**Work order:** No pictures go in the copy; retype exactly the lines from the one with "リンガーハットではなく、イオ" through the last line of the records.

##### Input data

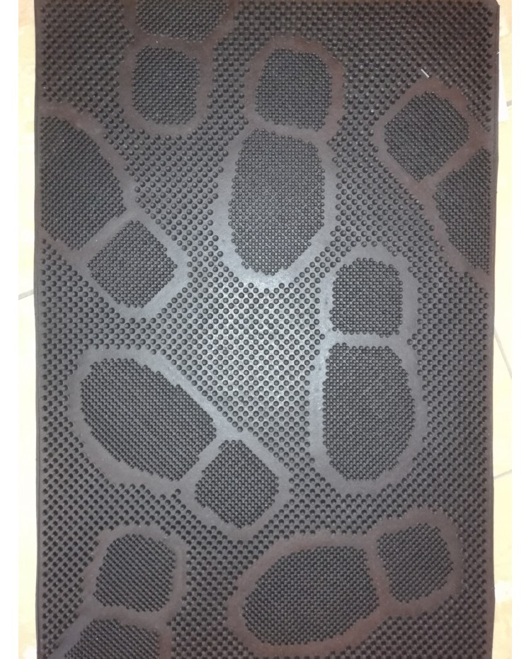 Zerbino in gomma 100% con parte superiore rivestita di piccoli piedini flessibili in gomma che trattengono lo sporco, grattandolo via dalle scarpe. Ideale per esterno, il materiale non assorbente si asciuga velocemente.
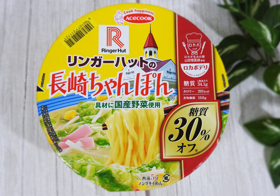 リンガーハットではなく、イオンの食品コーナーに置いてあったリンガーハットのカップ麺「ロカボデリ リンガーハットの長崎ちゃんぽん糖質オフ」目に入ったので、買ってみました。
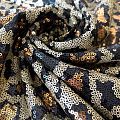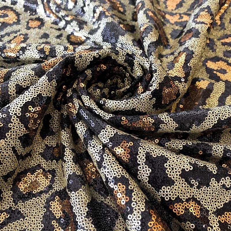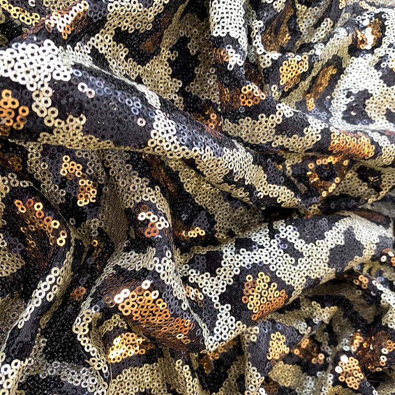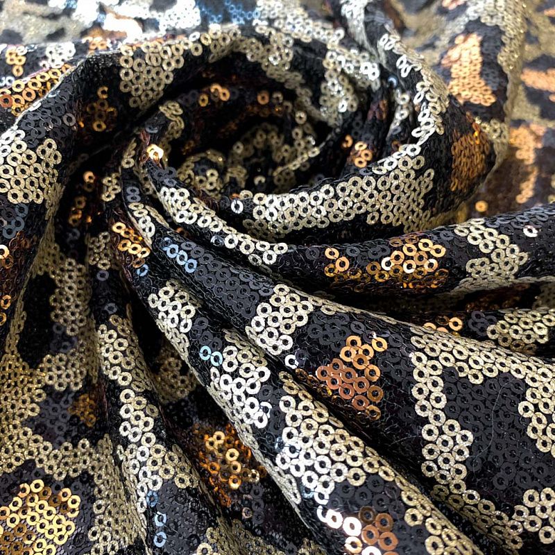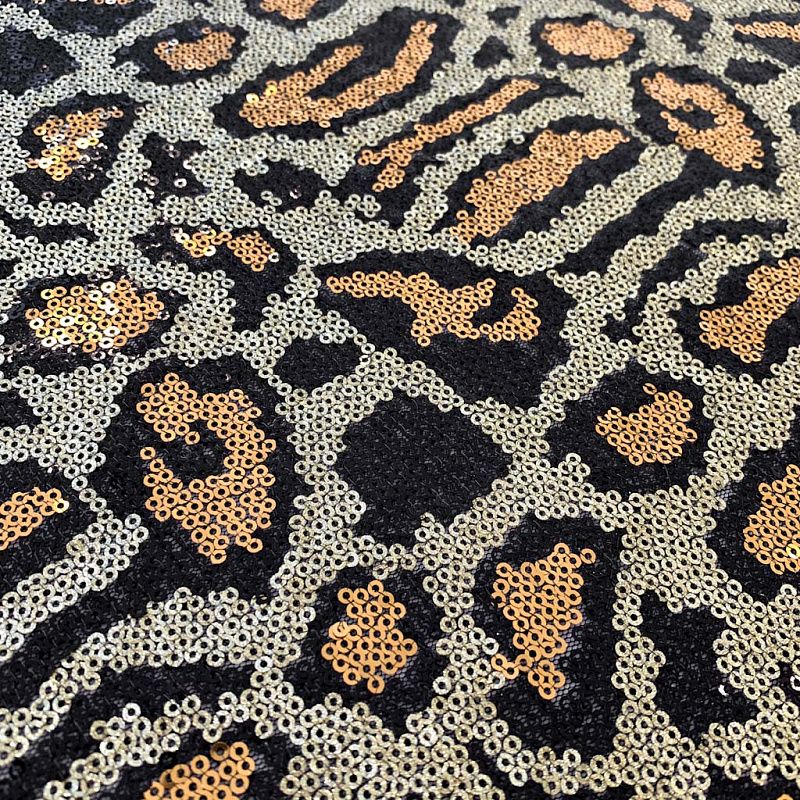 Пайетки в виде золотой шкуры леопарда с блестками. Вышиты на черной эластичной сетке. Роскошно смотрится в блестящих нарядных комбинезонах, сверкающих платьях и искрящихся блузках, юбках, туниках, концертных костюмах, нарядах для танцев.  На ощупь полотно не тяжелое, достаточно пластичное и удобное в носке.
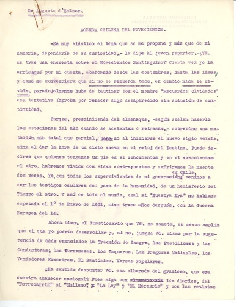 Agenda chilena del novecientos [manuscrito] Augusto D'Halmar.
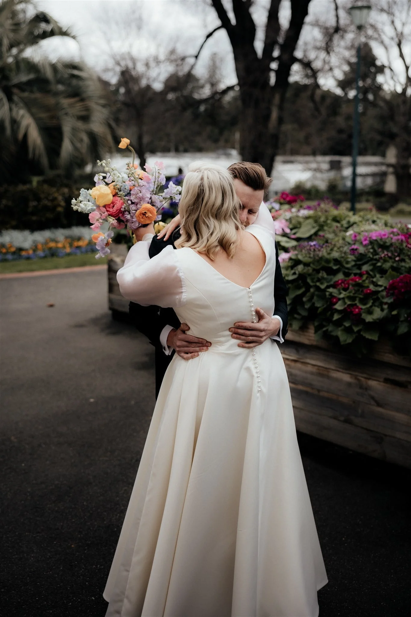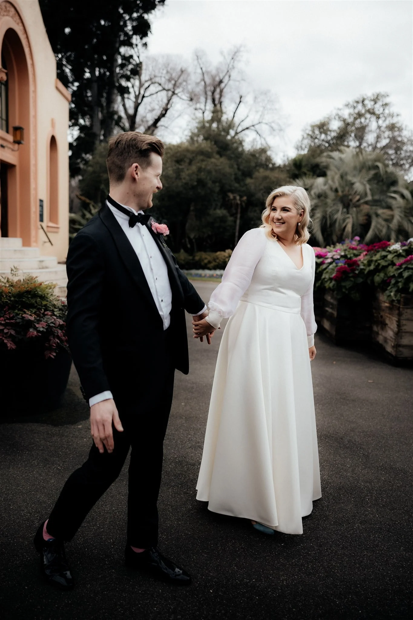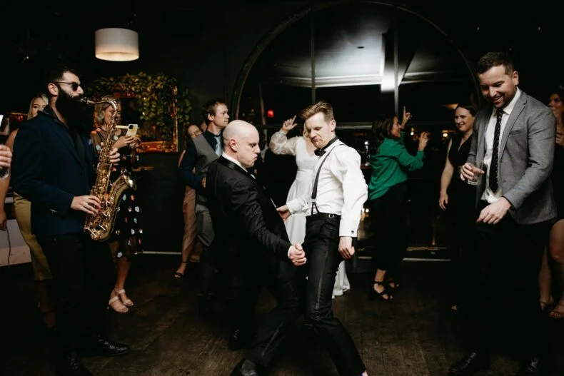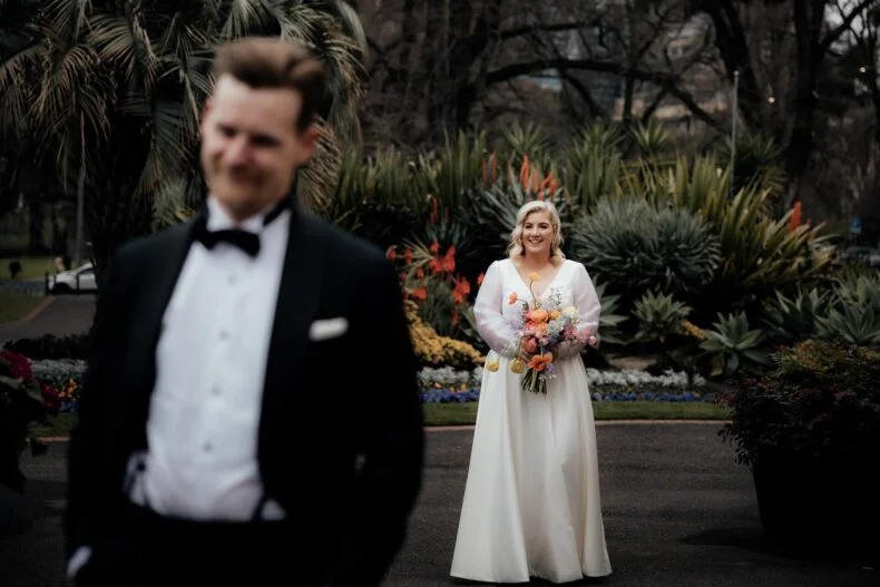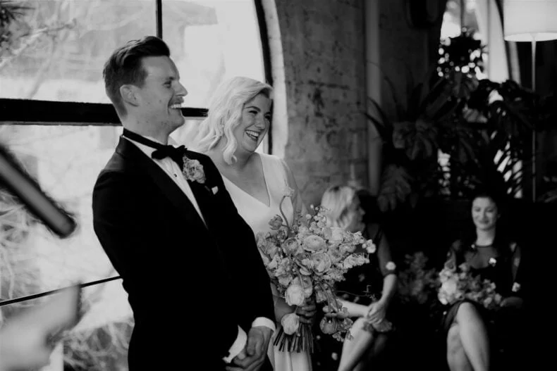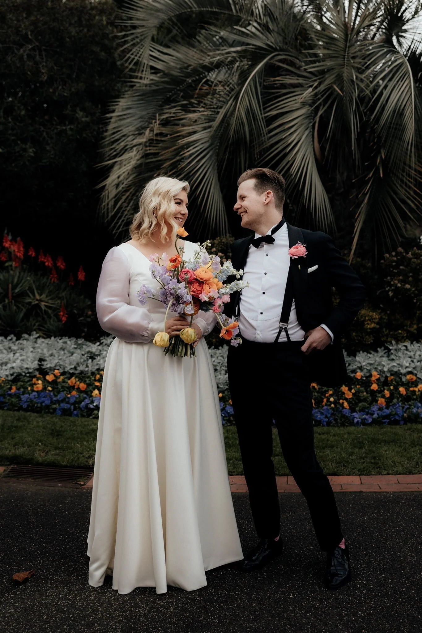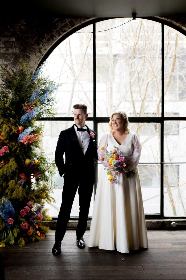 Fast-forward a year and this pair made it official in front of 80 of their loved ones at Panama Dining Room in Melbourne’s Fitzroy. And we’ve got to say, they did a stellar job lining up a pretty epic team of vendors. With Maegan Brown Moments on pics, celebrant Nat Sproal doing the legal bits oh-so beautifully, and Bloom Boy in charge of florals, this was one epic party.

##########

**Task solution:**
 リンガーハットではなく、イオンの食品コーナーに置いてあったリンガーハットのカップ麺「ロカボデリ リンガーハットの長崎ちゃんぽん糖質オフ」目に入ったので、買ってみました。
 Пайетки в виде золотой шкуры леопарда с блестками. Вышиты на черной эластичной сетке. Роскошно смотрится в блестящих нарядных комбинезонах, сверкающих платьях и искрящихся блузках, юбках, туниках, концертных костюмах, нарядах для танцев.  На ощупь полотно не тяжелое, достаточно пластичное и удобное в носке.
 Agenda chilena del novecientos [manuscrito] Augusto D'Halmar.
 Fast-forward a year and this pair made it official in front of 80 of their loved ones at Panama Dining Room in Melbourne’s Fitzroy. And we’ve got to say, they did a stellar job lining up a pretty epic team of vendors. With Maegan Brown Moments on pics, celebrant Nat Sproal doing the legal bits oh-so beautifully, and Bloom Boy in charge of florals, this was one epic party.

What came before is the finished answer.